Given that the differences between them are on the order of a tenth stop, they appear to all work acceptably well. Forced to select, I would probably use the least-squares fit, because of it's improvied performance at the low end of the data.
Quote:
Originally Posted by
buggz
Wow, I still don't understand why mine aren't working, I'm using the same thing.
ln(4) = 1.3862943611198906188344642429164 on my calculator
x 0.5167 = 0.71629829639064748275176767431488 - 0.2006 = 0.51569829639064748275176767431488
ln(4) = 1.3862943611198906188344642429164 on my calculator, still
- .2006 = 1.1856943611198906188344642429164 x 0.5167 = 0.61264827639064748275176767431488
You can also type ln(4) into Google search = 1.38629436112
I don't get a .3something, STILL confused...
Re: Portra 160 and 400 Reciprocity Failure
The more I read this thread the more I love ILFORD's simple charts...
:(
RR
Re: Portra 160 and 400 Reciprocity Failure
On the stops of increase...
I get whole stop increases. It is a doubling, right? So, 1 second + 1 stop = 2 seconds. A 2 stop increase would be 4 seconds, right? Another doubling?

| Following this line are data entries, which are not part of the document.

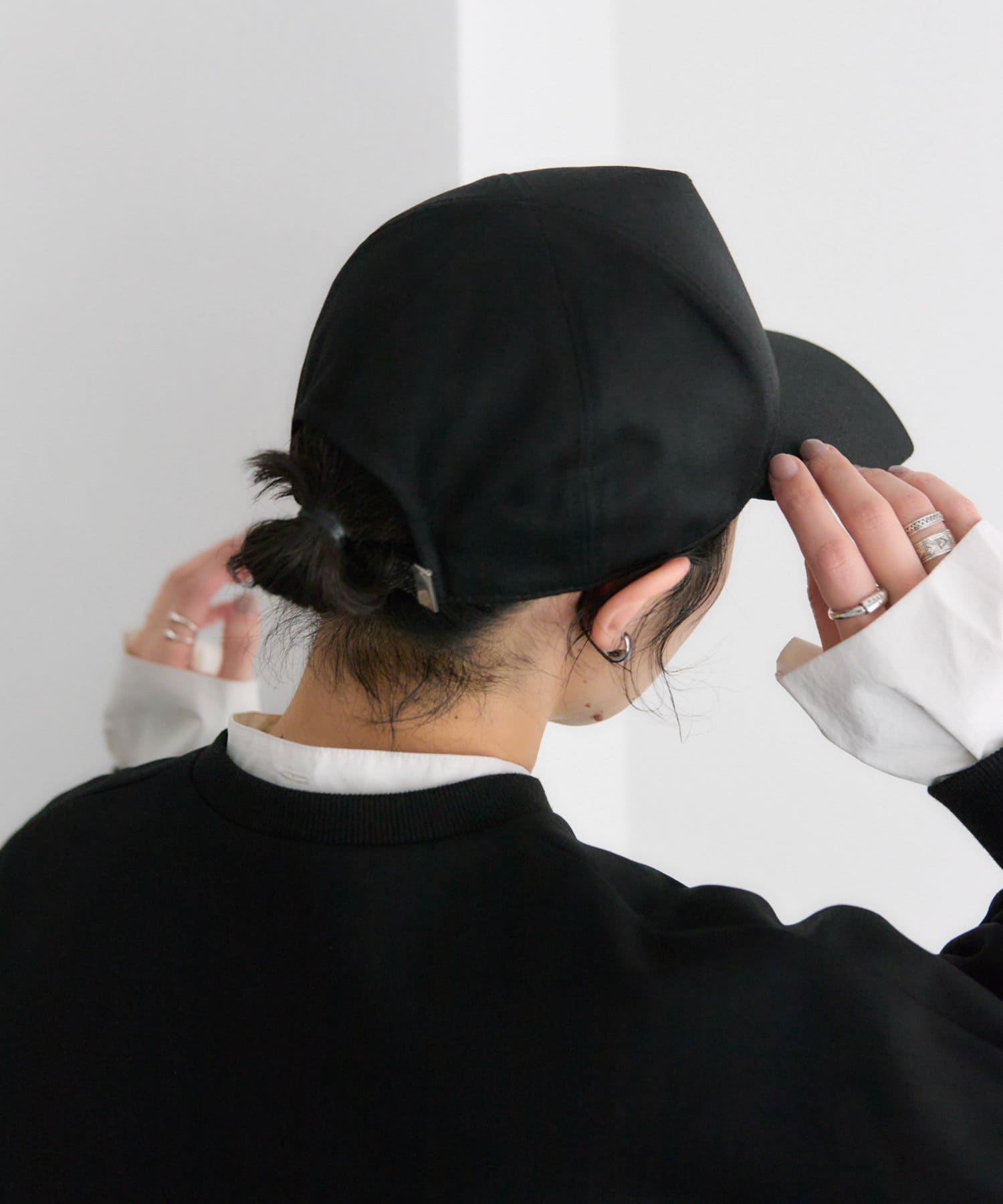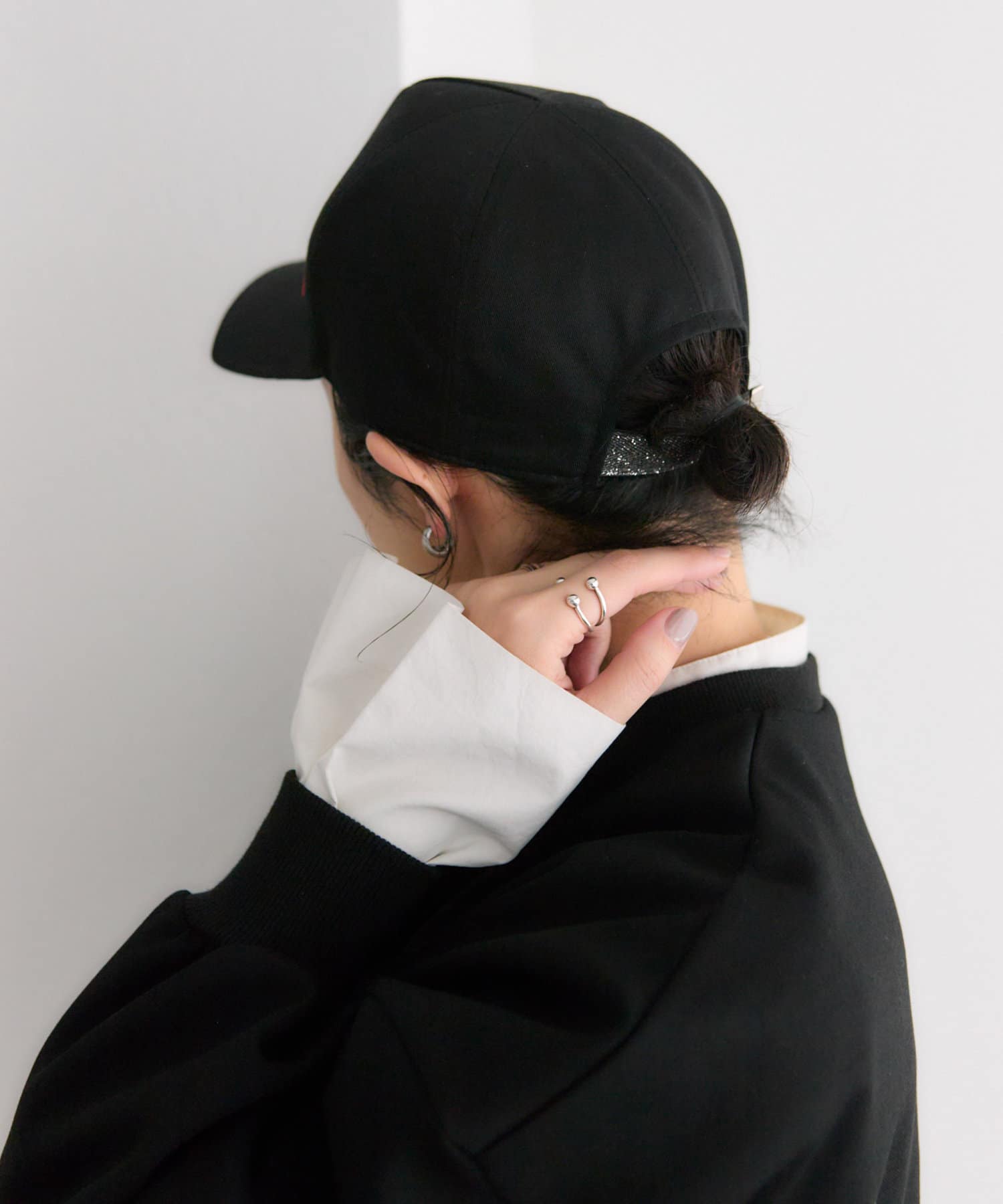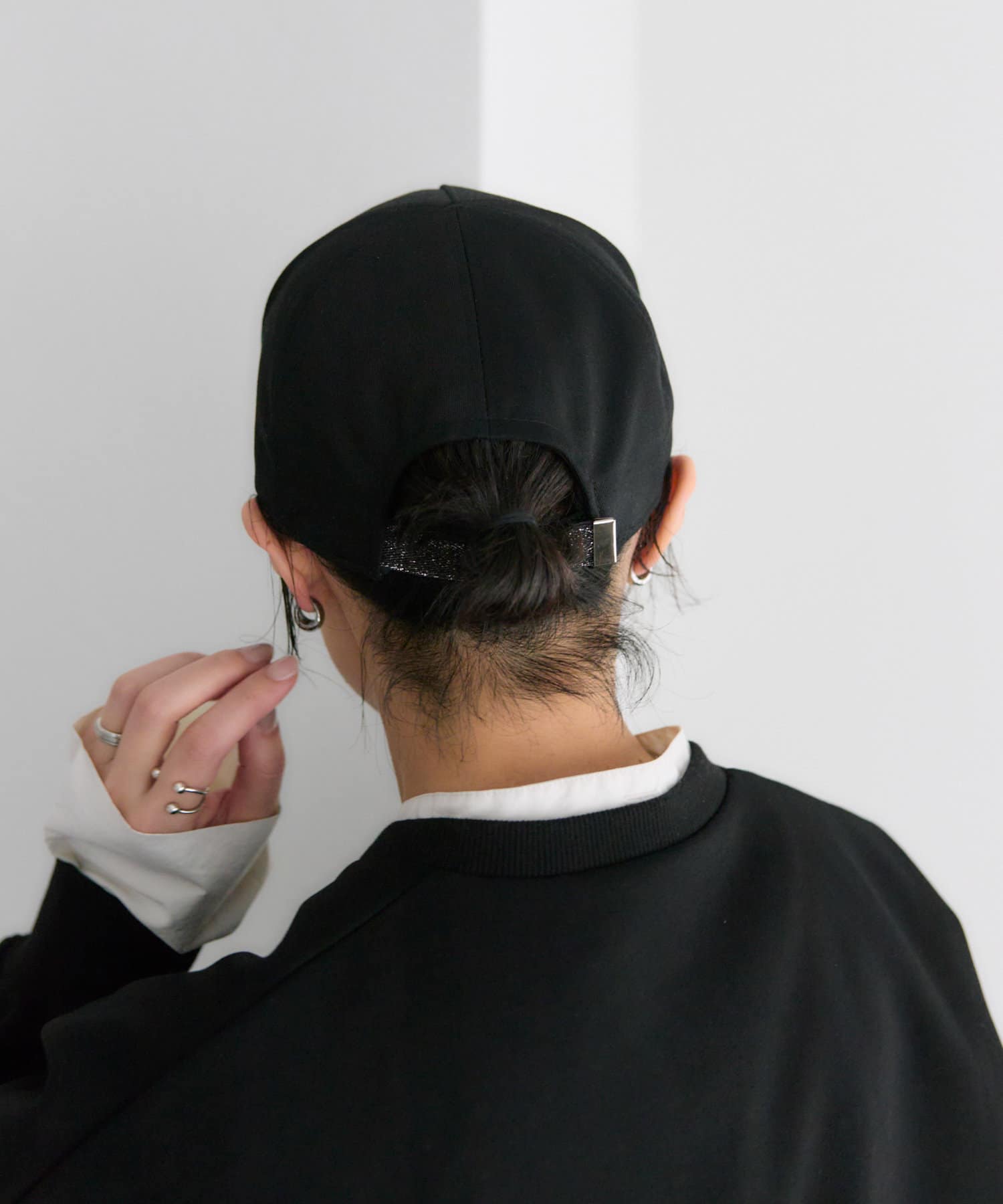 クラウン部分のデザインとサイズ調整ベルトはear別注で女性らしい仕上がりになっています。
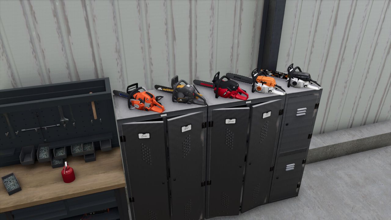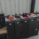 Bis zu 5 Kettensägen können auf den Schließfächern aufbewahrt werden.
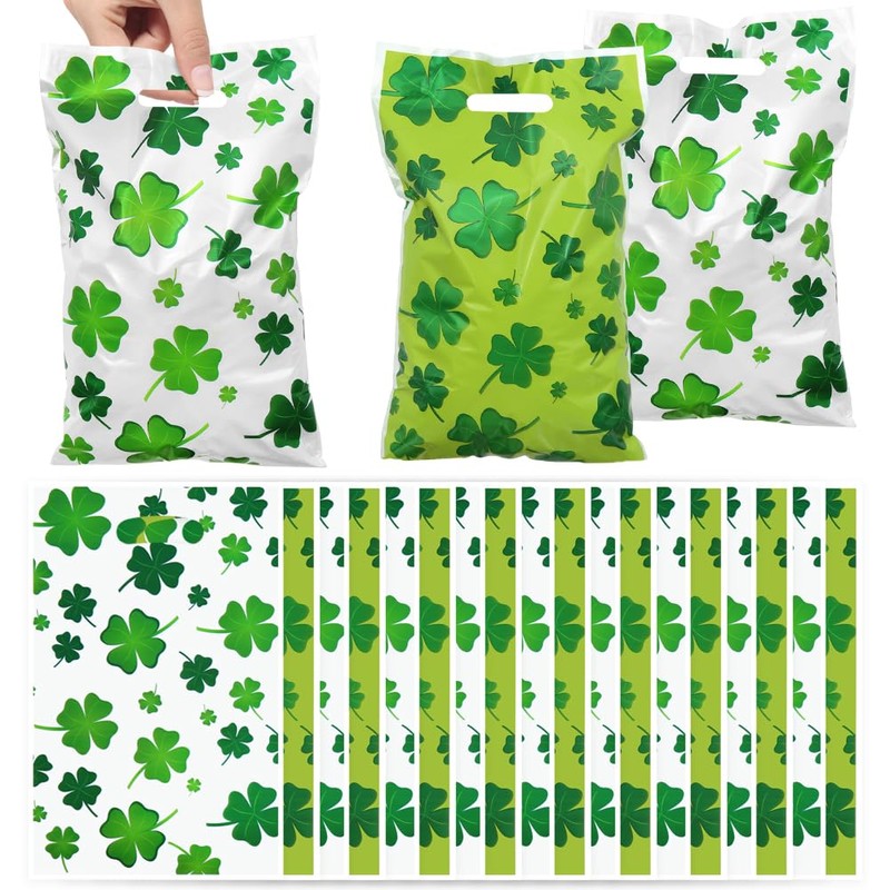 40pcs St. Patrick's Day Four-leaf Clover Gift Bags with Die Cut Handle, Green and White Double-side Color Print Lucky Cellophane Plastic Candy Cookie Treat Goodies Bag Saint Patricks Day Party Favor
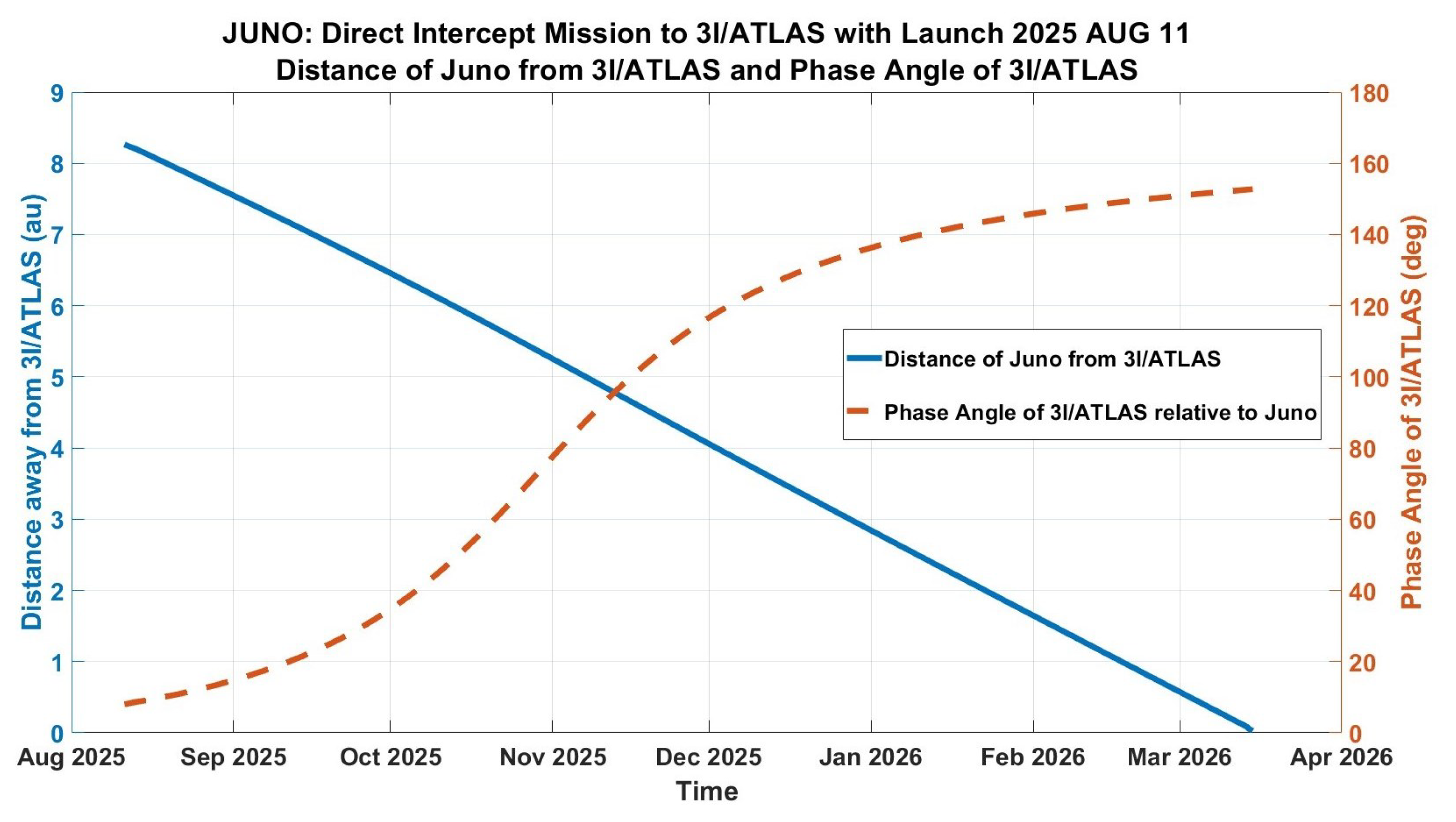 Distance of 3I/ATLAS from Juno and Phase of 3I/ATLAS w.r.t. Juno, for the reference mission (direct transfer) with a ‘launch’ on 11 August 2025 (refer text).
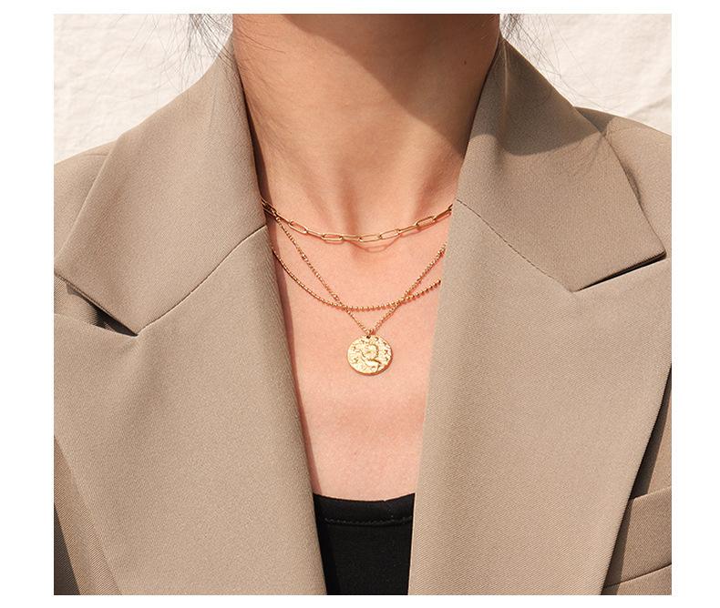 Compra Collar de cadena de doble capa versátil, básico y sencillo, estilo francés, con cadena de clavícula femenina versátil, joyería de acero de titanio transfronterizo. al por mayor en Joom.pro
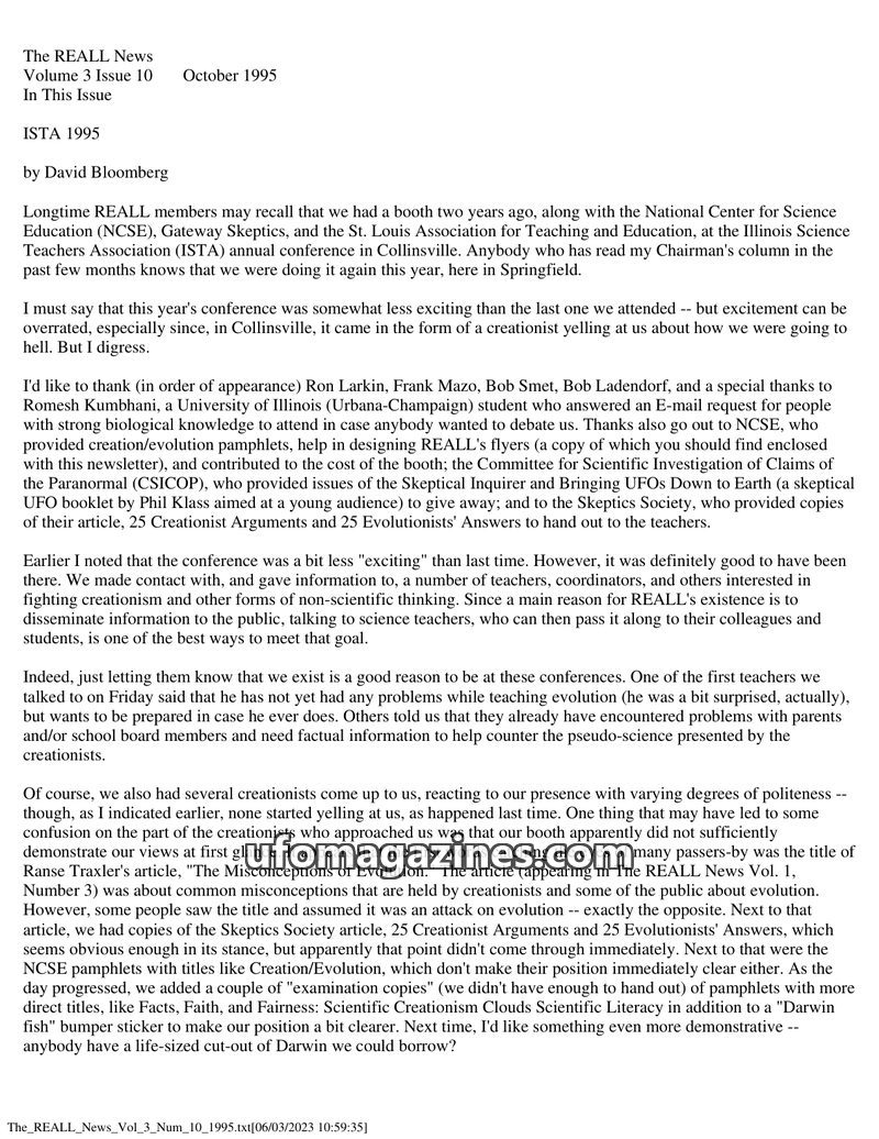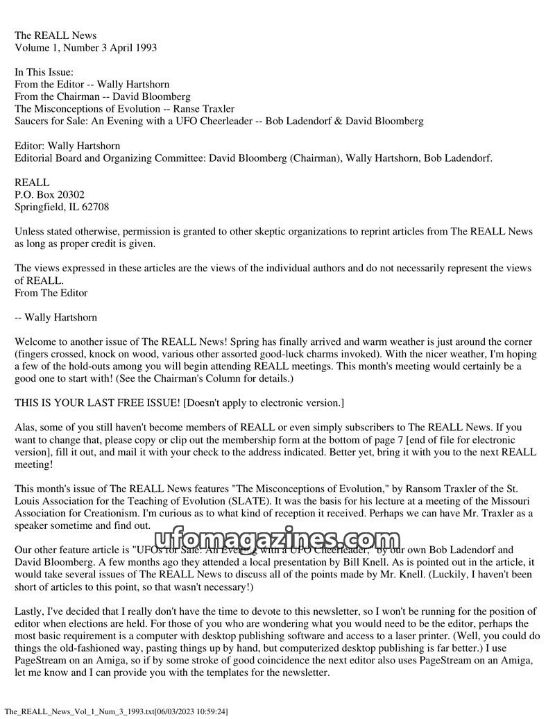 This issue of The REALL News features an article debunking common misconceptions about evolution, arguing it is a valid scientific theory. It also critically reviews a UFO presenta

Same applies for other starting times, like 6 seconds. 1 stop is 12, 2 stops is 24, 3 stops is 48 seconds. Is that right?
I know this is pretty basic, but it has always confused me.
1 Attachment(s)
Re: Portra 160 and 400 Reciprocity Failure
Assuming I did the math right, here is the time vs. adjusted time chart that RR is looking for.
Attachment 121444
If it is not correct, let me know what is wrong and I will...correct it.
The data is based on the fit that I did, which has an R^2 of 0.9954106.
EDIT: I think I calculated my R^2 wrong. Still not sure I calculated it right, but I think it is slightly lower at 0.9885. Given the coarseness of the graph, I doubt the difference is visible.
Re: Portra 160 and 400 Reciprocity Failure
Quote:
Originally Posted by
rbultman
Assuming I did the math right, here is the time vs. adjusted time chart that RR is looking for.
Attachment 121444
If it is not correct, let me know what is wrong and I will...correct it.
The data is based on the fit that I did, which has an R^2 of 0.9954106.
Yippee! That is exactly what I hoped for. Thank you very much indeed.
(Kodak should have done this. Film is too expensive to waste on testing they should be doing anyway)
Thank you again
RR
Re: Portra 160 and 400 Reciprocity Failure
Well, gee, I hope the data was somewhere near accurate in the first place. I originally sent Isaac Sachs some untested data I found on the internet, and he plugged it into a graph and posted it here. It seems to work well enough. I certainly hope you math whizzes out there haven't spent too many hours working this out.